Antes de deixar o quarto, peguei minha carteira, que estava sobre a cômoda, e vi que não tinha dinheiro trocado. Ao retirar uma cédula de cem reais, retornei para a sala. E assim que puxei o ferrolho, vi uma das portas aberta. No meio dela, o entregador estava com um braço estendido para fora, como se analisasse a intensidade da chuva.

Sem saber como chamar a atenção dele, visto que desconhecia seu nome, pus a mão sobre a boca e forcei a garganta ao tossir. No mesmo instante, ele puxou o braço de volta. Virando-se para mim, disse:

- Acho que já vai passar.

- Acredito que sim!

- Rum.. rum - disse ao movimentar a cabeça.

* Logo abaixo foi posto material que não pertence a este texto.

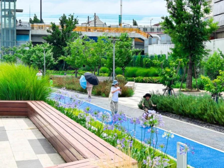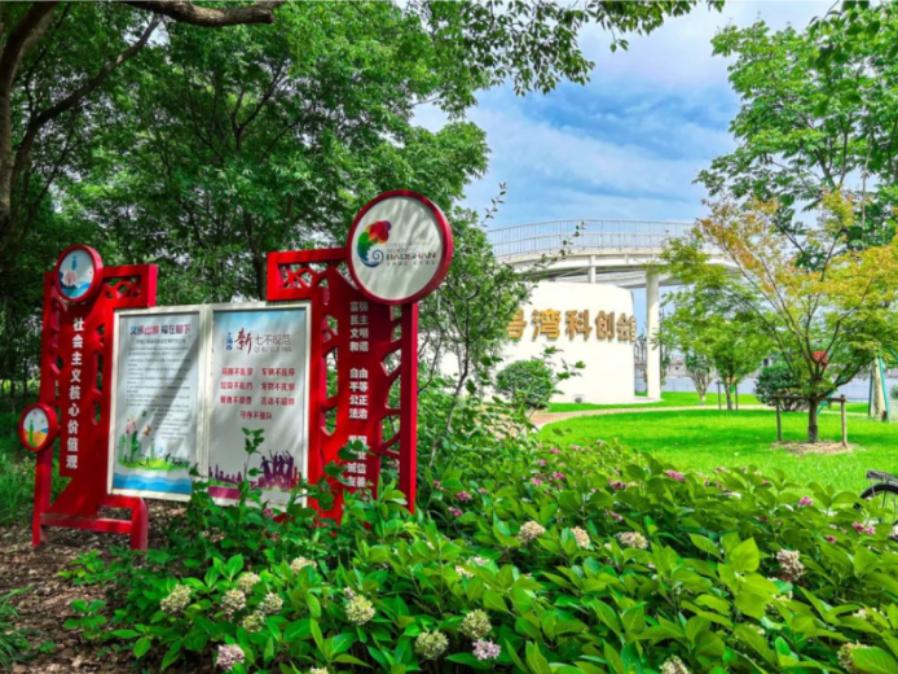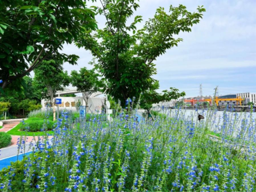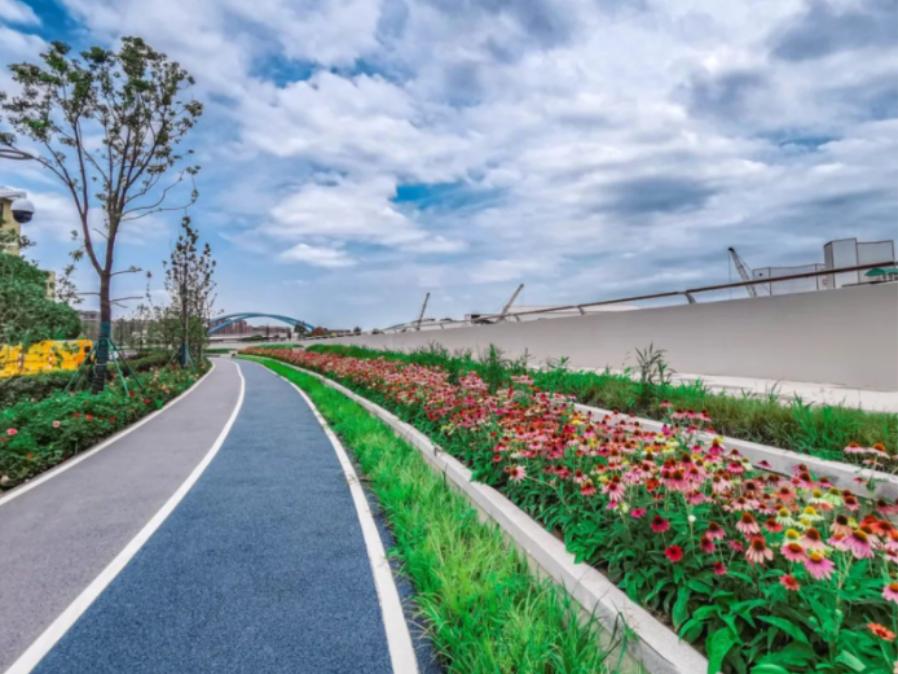 值得一提的是,沿滨江步道设置的每一个绿色花坛都是由园区党组织收集的,分为八个责任区。支部党员自发组成花坛守护队,通过微信群分享养护经验,开设环保宣传牌,定期聚集志愿者进行锄草等公益活动,共同守护绿色净土。

Até aquele momento, eu não tinha percebido nada de diferente nele. Quase perguntei se estava se sentindo mal, mas achei tal atitude indiscreta. Pensei: se ele fizer de novo, eu pergunto. Aposto como deve ser uma mania.

- Aqui tá o dinheiro, Gael - entregando-lhe a cédula, li o nome que estava bordado sobre a altura do peito esquerdo dele.

Encarando-me como se eu tivesse cometido um crime, ele abriu a carteira e me deixou com a mão estendida.